Le conseguenze industriali di una transizione troppo rigida
A spingere per una modifica della norma sono state anche le pesanti ripercussioni sull’industria automobilistica continentale, messa in ginocchio da una politica considerata troppo dogmatica. La prospettiva del bando totale aveva acuito la crisi di un comparto già in affanno, costellato da fabbriche che riducono la produzione o chiudono, da un indotto traballante e da migliaia di posti di lavoro a rischio. In questo quadro di fragilità, la competitività europea si è erosa, spalancando le porte a una concorrenza estera, in particolare cinese, più agguerrita e pronta a sfruttare qualsiasi indebolimento dei colossi storici del Vecchio Continente.

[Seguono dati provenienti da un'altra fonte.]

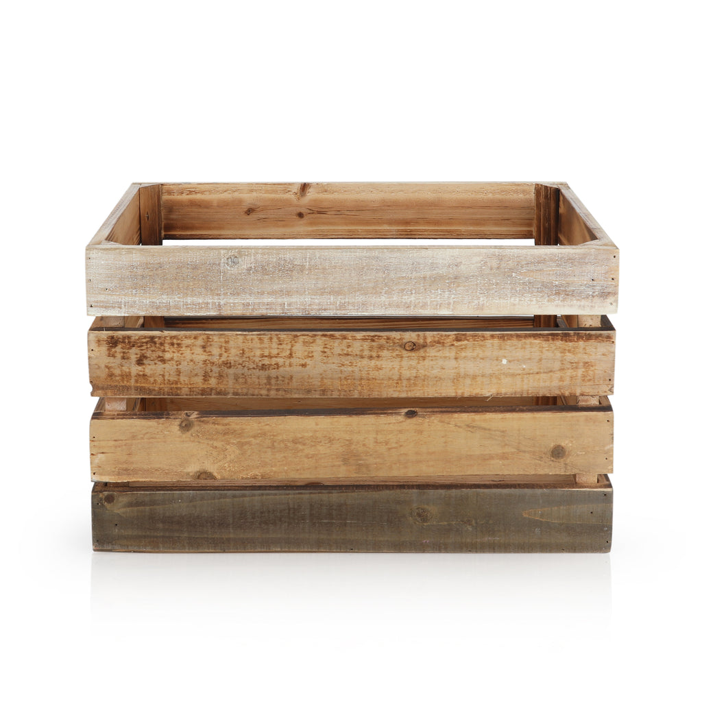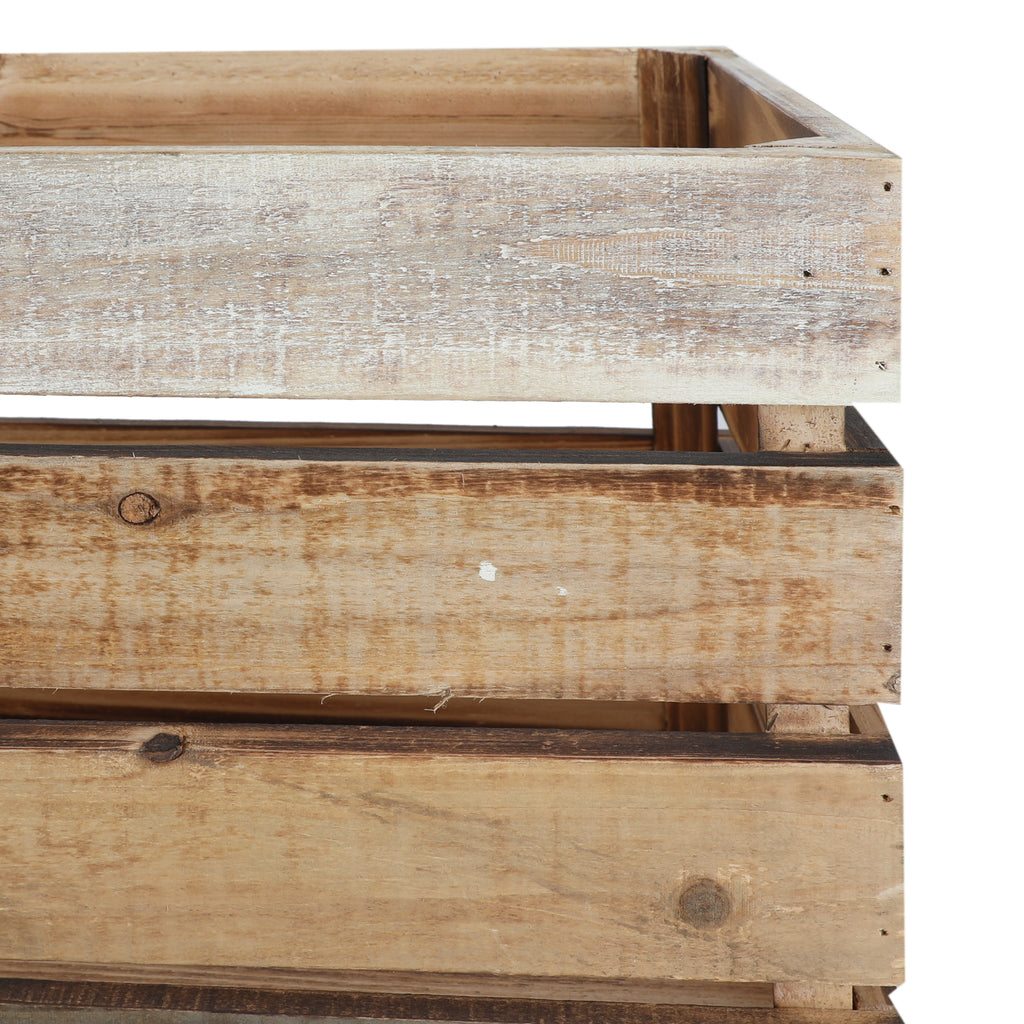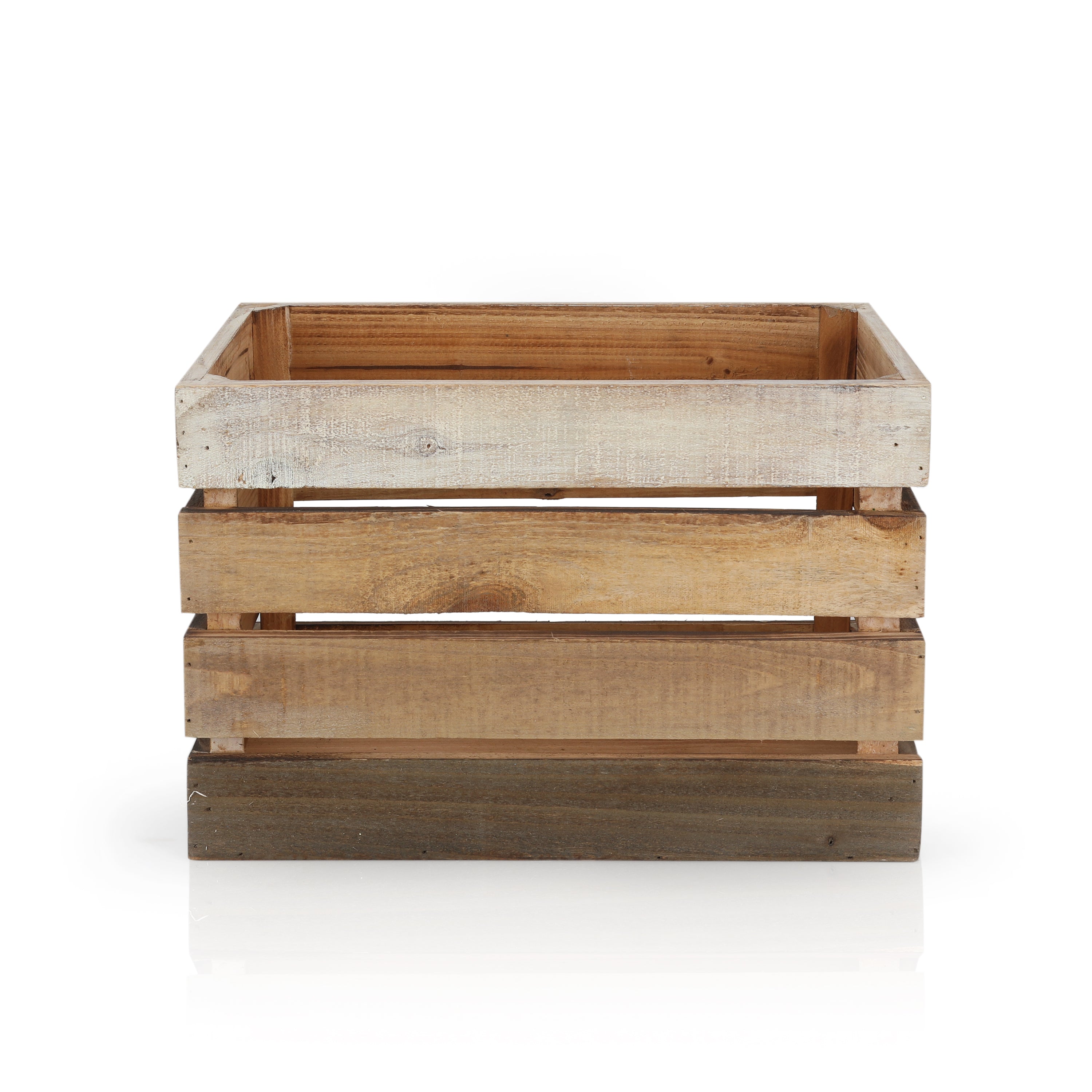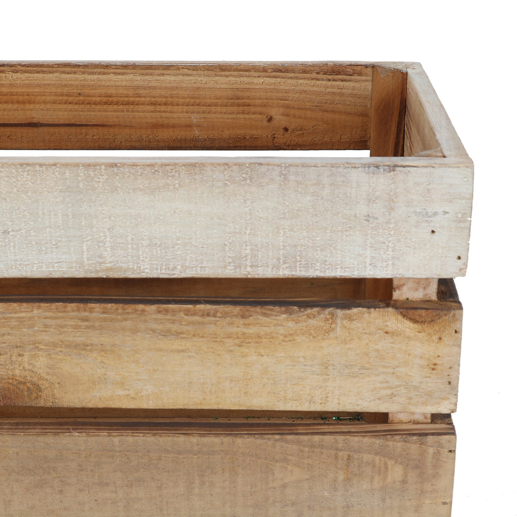 Details: Wooden crates with light top and dark bottom. Quantity: 2

Il nuovo principio guida: la neutralità tecnologica
Il perno della riforma diventa quindi il principio della neutralità tecnologica, fortemente caldeggiato da una coalizione di paesi guidata da Italia e Germania. Secondo questa visione, non sarà più imposto per legge un solo tipo di propulsione – l’elettrico a batteria – ma ai costruttori verrà chiesto di raggiungere comunque un taglio drastico delle emissioni, pari al 90% per l’intera flotta venduta. Un approccio che, di fatto, riapre la porta alla vendita di auto tradizionali a patto che queste siano affiancate da modelli a emissioni zero o quasi, e che lascia spazio allo sviluppo di soluzioni ibride o alimentate con carburanti sintetici. La presidente della Commissione, Ursula von der Leyen, è attesa nell’annunciare ufficialmente questa svolta, che cancella la data del 2035 come simbolo di un addio totale ai motori endotermici.